━━ Source material ━━
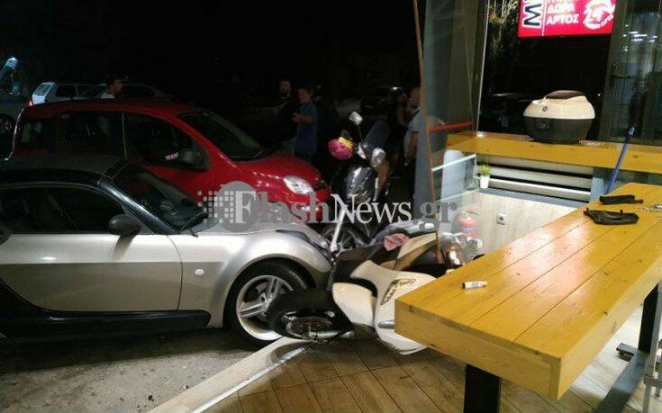 Γλύτωσαν με μερικά τράυματα στα πόδια, γιατί, πρώτον, στην είσοδο υπήρχε σκαλοπάτι και δεύτερον γιατί μπροστά από το κατάστημα ήταν σταματημένα ένα ΙΧ αυτοκίνητο και μια μηχανή που ανέκοψαν την ταχύτητα του, εν λόγω, αυτοκινήτου του 25χρονου.
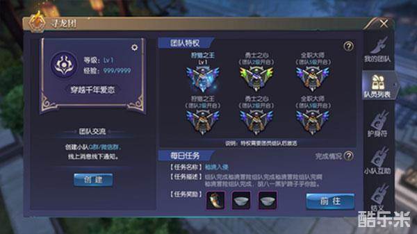2、成员拥有共同的成长目标。成员每天完成寻龙团的日常任务,可以提升寻龙团的等级。
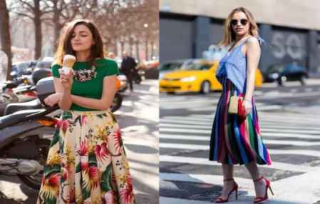 那花衣配素群可不可以呢,可以是可以。但是难度会增加一些。因为上衣花纹图案稍有不慎就容易显得人老气,而下装是碎花式样的就不会那么容易出错。所以小七更推荐上半身素色,下半身花色。避免头重脚轻的效果。
━━━
## What is expected
Output the listing above exactly, pictures omitted.

## Output for this exercise
 Γλύτωσαν με μερικά τράυματα στα πόδια, γιατί, πρώτον, στην είσοδο υπήρχε σκαλοπάτι και δεύτερον γιατί μπροστά από το κατάστημα ήταν σταματημένα ένα ΙΧ αυτοκίνητο και μια μηχανή που ανέκοψαν την ταχύτητα του, εν λόγω, αυτοκινήτου του 25χρονου.
2、成员拥有共同的成长目标。成员每天完成寻龙团的日常任务,可以提升寻龙团的等级。
 那花衣配素群可不可以呢,可以是可以。但是难度会增加一些。因为上衣花纹图案稍有不慎就容易显得人老气,而下装是碎花式样的就不会那么容易出错。所以小七更推荐上半身素色,下半身花色。避免头重脚轻的效果。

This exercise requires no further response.